The quality of sashimi story starts when you hook the fish. Well at least the things that you have some control over. If you take 20 min to land your fish then the biochemistry of the flesh will be changed compared to one you land in a minute. The more energy left in the flesh at dispatch the better as there is more fuel to enhance the flavour so if you want it for sashimi get it in quickly. The dispatch method makes less difference as if you took 20mis to catch it a few seconds less to kill it will make little diffence. That said best to be quick clean and humane as not doing that is a good way to ruin your appetite. After that dropping the core temperature of the fish is important - for the tunas this is best achieved by gilling and gutting along the lines already shown in this post string, and immersing the carcass in an ice slurry (you can use a salt water one but be careful not to partially freeze your fish as salt slurry can get below zero degrees C). You can then have shasimi for about six ( six ice days) where the flesh is kept at or below zero degrees C. With tunas the whole carcass is ok in the slurry until you butcher it - then you have to keep the water off the flesh With other fish i would get it out of contact with the water in the slurry within a couple of hours. If you eat your sashimi on day one you will find it a bit bland - by 24-36 hours after dispatch (in ice slurry) it should be really tasty with the flesh flavour enhancers at their peak. After that small losses in flavour will gradually become apparent and muscle structure changes will make the texture less ' crisp'.

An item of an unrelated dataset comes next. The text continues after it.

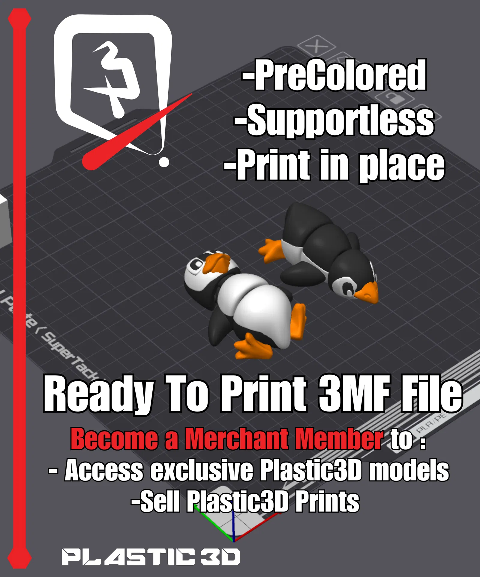 Triết lý Thiết kế Cốt lõi của Chúng tôi: Mọi mô hình đều ra đời từ niềm tin rằng in 3D nên là một trải nghiệm tức thì, đáng tin cậy. Đó là lý do tại sao tất cả các thiết kế của Plastic3D đều có cơ chế không cần hỗ trợ, in trực tiếp, được cung cấp dưới dạng tệp 3MF được tô màu sẵn để có kết quả tức thì, rực rỡ và trải qua quá trình thử nghiệm nghiêm ngặt. Chúng tôi xử lý sự phức tạp để bạn có thể tập trung hoàn toàn vào sản xuất và lợi nhuận, đảm bảo tỷ lệ thành công cao và chất lượng tuyệt đẹp ngay từ khay in.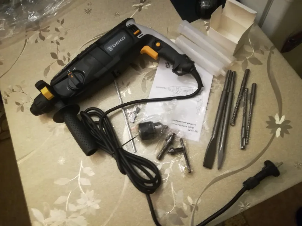 Перфоратор отличный! Посылку доставили быстро! Для дома то что надо, за такие деньги! Попробовал просверлить бетонную плиту в потолке, справился на ура! До этого пользовался фирмой Хитачи, и по сравнению ,Деко держится не плохо! Не смотря на хлипкий ящик и одноразовые сверла))) ставлю 8 балов из 10! Спасибо продавцу, и рекомендую!

So: land yor sashimi quickly;drop the core temp quickly; kept it on ice if you want to have sashimi for up to a week; on ice your sashimi will be best for these species (and most) after 24-36 hours; make sure your sashimi doesn't get water logged in your ice slurry. Finally if you look at you soy sauce bottle you will see inosine mono phosphate (IMP) that's the thing that peaks in fish muscle when it is at its best (sweet and meaty).
Cheers
Phil
This post is like a repository of information. Thank you.